The Pinkie Campaign (No Speeding)

Speeding in highways has become one of the most common vices in the society today. It has caused the death of a lot of people most of them being you people. According to a survey that was conducted between 2002 and 2006, more than 34% of the total accidents were caused by drivers who were aged between 17 years and 24 years (Tay 2002). Out of the total, it was found that only 17% of them had legal license holders. This prompted the government to come up with a campaign that was dubbed ‘ The Pinkie Campaign’. The main aim of this campaign is to sensitize the drivers of the need to maintain a moderate speed when driving as this will save a lot of lives (Tay 2002). According to the government, the campaign is mainly targeted at all drivers who have the habit of speeding when driving, most importantly the young drivers.

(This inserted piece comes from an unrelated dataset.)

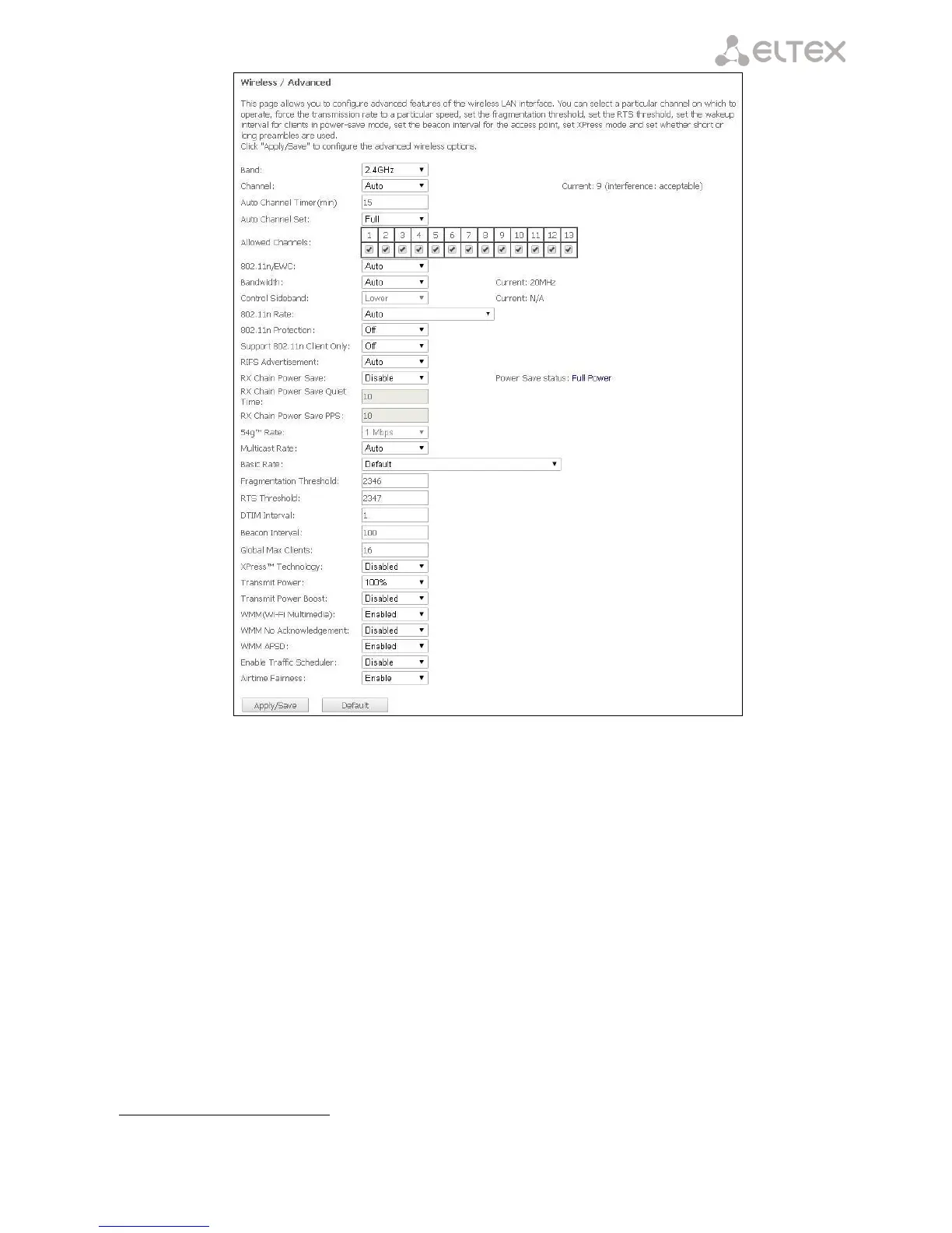 – Legacy—autoselection scans a set of channels supported by old devices (for 2.4 GHz range only) to

This report will analyse the behavioural change models that have been used in the campaign in a bid to increasing on its effectiveness. In addition, this report will employ six tips out of the total sixteen that will increase the success of the social marketing campaign.

Background Information

The Pinkie Campaign was officially launched in 2007 and since then it has spread from Australia to other countries across the globe. The government through the Roads and Maritime Services launched the campaign in a bid to challenging the attitudes and behaviours that are held by the speeding drivers, most of whom were young people. According to the report that was released by the government, over 40% of the deaths that occur on the roads every year are as a result of speeding (Brennan & Binney 2010). In addition, the report continued to say that 874 speeding related accidents were reported between 2004 and 2008 where 15% of the total number was caused by female speeding drivers while 85% was caused by male speeding drivers. Speeding accidents cause the government a loss of over $780 million where more than 4200 are injured every year from the speeding related accidents.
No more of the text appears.